Schlittschuhlaufen und Permafrost
Untersuchungen dünner Flüssigkeitsfilme an Grenzflächen zwischen Eis und Tonmaterialien
Beim Schlittschuhlaufen ist es schon lange bekannt: An Eisoberflächen bildet sich ein dünner Flüssigkeitsfilm aus. Dieser ist neben anderen Ursachen für Eisglätte verantwortlich. Wissenschaftlerinnen und Wissenschaftler am Max-Planck-Institut für Polymerforschung haben nun einen damit verwandten Effekt an Grenzflächen zwischen Eis und porösen Tonmineralen näher untersucht. Derartige Grenzflächen finden sich in der Natur beispielsweise im Permafrost. Ihre Ergebnisse können dazu beitragen, Veränderungen in gefrorenen Böden bei steigenden Temperaturen besser zu verstehen.

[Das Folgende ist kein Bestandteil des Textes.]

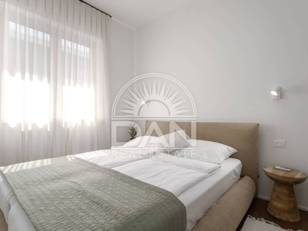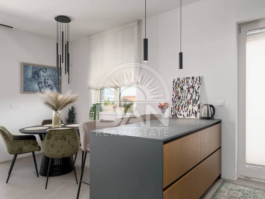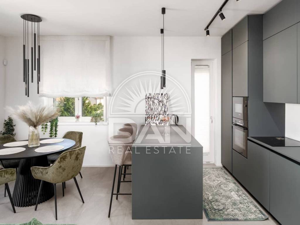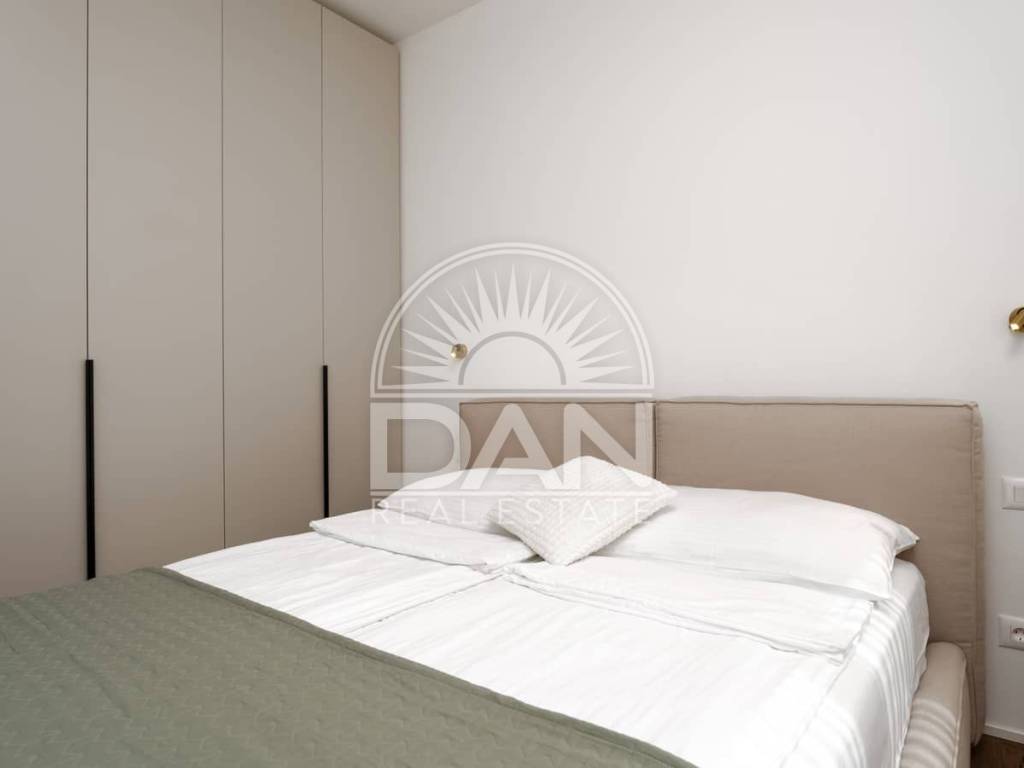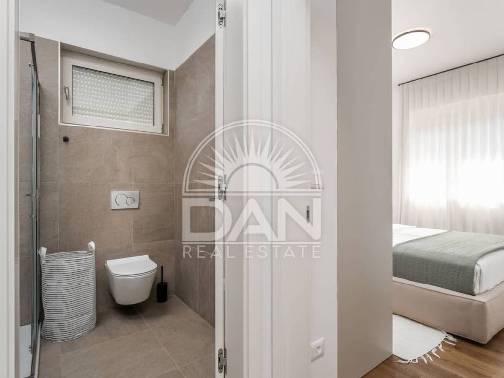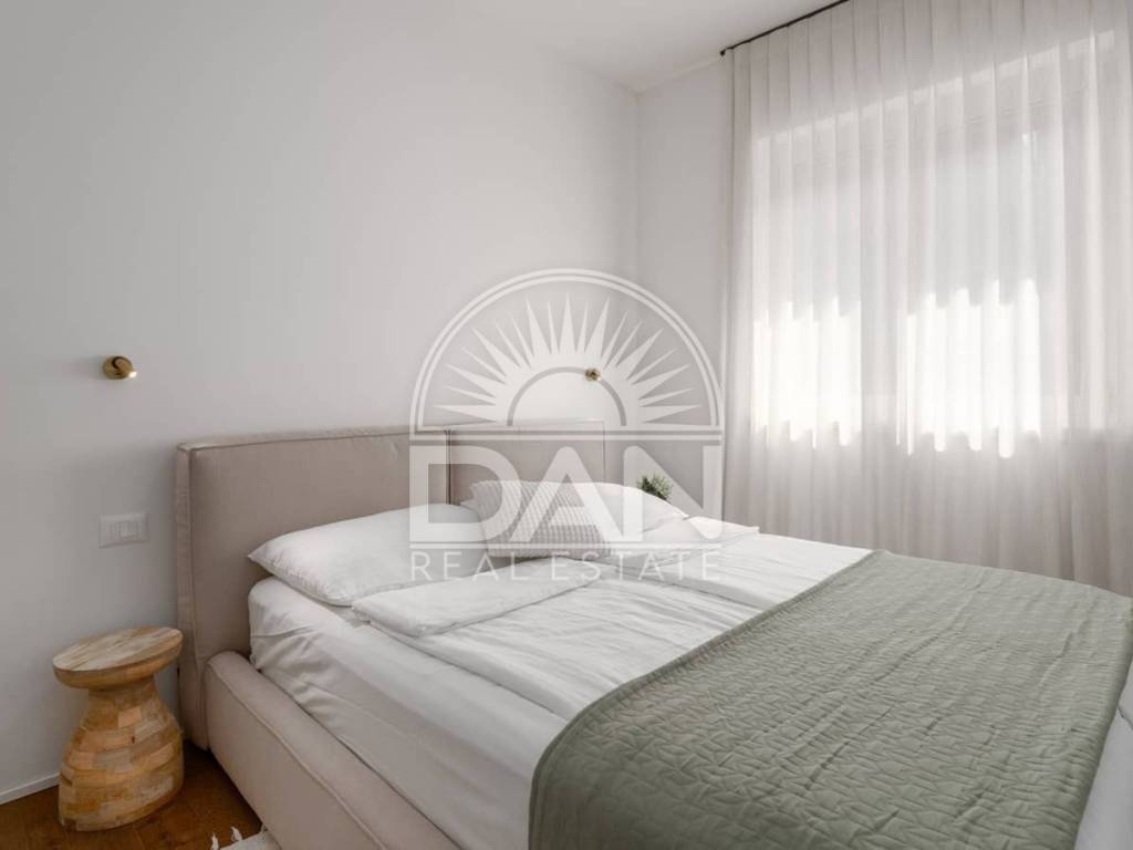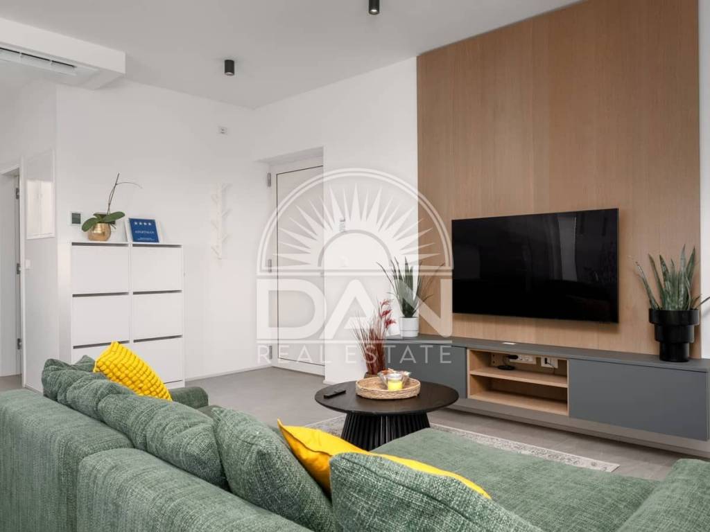 For sale is an elegant and fully furnished apartment situated on the first floor of a modern residential building, in a highly sought-after location close to the sea and all key amenities. The apartment has a total area of 70 m² and is designed for maximum comfort and functionality. It consists of an entrance hall, a spacious living room connected with the kitchen and dining area, two bedrooms and two bathrooms. Additional features include a private storage room in the basement and a designated parking space in front of the building. Air conditioning provides heating and cooling year-round, and underfloor heating adds extra comfort. The property is modernly and tastefully furnished and is being sold fully equipped – ready for immediate move-in without additional investment. Thanks to its excellent location, high quality and comfort, this apartment is a superb opportunity both for peaceful family living and for successful tourist rental.

Für Eis wurde bereits im 19. Jahrhundert von Michael Faraday das sogenannte Grenzflächenschmelzen postuliert: Bereits unterhalb des eigentlichen Schmelzpunktes, also Null Grad Celsius, bildet sich an der freien Oberfläche ein dünner, durch die Grenzfläche hervorgerufener Flüssigkeitsfilm. Wissenschaftlerinnen und Wissenschaftler um Markus Mezger, Gruppenleiter am Max-Planck-Institut für Polymerforschung und Professor an der Universität Wien, haben dieses Phänomen nun an Grenzflächen zwischen Eis und Tonmineralen genauer untersucht.
Interessant ist dieser Effekt in der Natur vor allem bei Permafrostböden – also Böden, die dauerhaft gefroren sind. Zirka ein Viertel der Landfläche auf der Nordhalbkugel sind davon bedeckt. Diese setzen sich aus einer Mischung von Eis und anderen Materialien zusammen. Durch Verwitterung von Tonmineralen entstanden über geologische Zeiträume mikroskopisch dünne Plättchen. Ähnlich wie in einem Schwamm kann viel Wasser in die engen Schlitzporen zwischen den dünnen Plättchen eindringen, dort gespeichert werden und gefrieren. Daher liegt hier sehr viel Kontaktfläche zwischen Eis und Tonmineralen vor. Pro Gramm Tonmineral liegen circa zehn Quadratmeter Oberfläche vor. Dies bedingt bereits unterhalb Null Grad Celsius einen vergleichsweise hohen Anteil flüssigen Wassers in der grenzflächeninduzierten Schmelzschicht.
Die Forschenden haben nun untersucht, wie schnell sich die Wassermoleküle in der dünnen Schmelzschicht an der Grenze zwischen Eis und Tonmineral bewegen. Dieser als „Selbst-Diffusion“ bezeichnete Wert ist direkt mit der Zähigkeit (Viskosität) verknüpft. Für drei verschiedene Minerale konnte gezeigt werden, dass die Viskosität des Wassers in der grenzflächeninduzierten Schmelzschicht teilweise deutlich oberhalb derer gewöhnlichen Wassers liegt – die Moleküle sich also nur eingeschränkt bewegen können, da die Schicht zähflüssiger ist. Diese Ergebnisse können dabei helfen, verschiedene Phänomene in Zukunft besser zu verstehen, wie beispielsweise die mechanische Stabilität von Permafrost, den Transport von Pflanzennährstoffen und Schadstoffen sowie geochemische Reaktionen wie beispielsweise Ionenaustauschprozesse an Eis/Mineral-Grenzflächen.
Für ihre Messungen haben die Mainzer Wissenschaftlerinnen und Wissenschaftler mit Partnern an den Forschungsreaktoren der TU München sowie des Instituts Laue-Langevin in Grenoble, Frankreich, zusammengearbeitet. Die in den dortigen Reaktoren erzeugten Neutronen treffen mit einer bestimmten Geschwindigkeit auf der Probe auf. Ähnlich wie bei einem Ball, der von einem sich auf ihn zubewegenden Fahrzeug mit höherer Geschwindigkeit zurückspringt, lassen Geschwindigkeitsmessungen der an der Probe gestreuten Neutronen Rückschlüsse auf die Bewegung der Wassermoleküle in der grenzflächeninduzierten Schmelzschicht zu.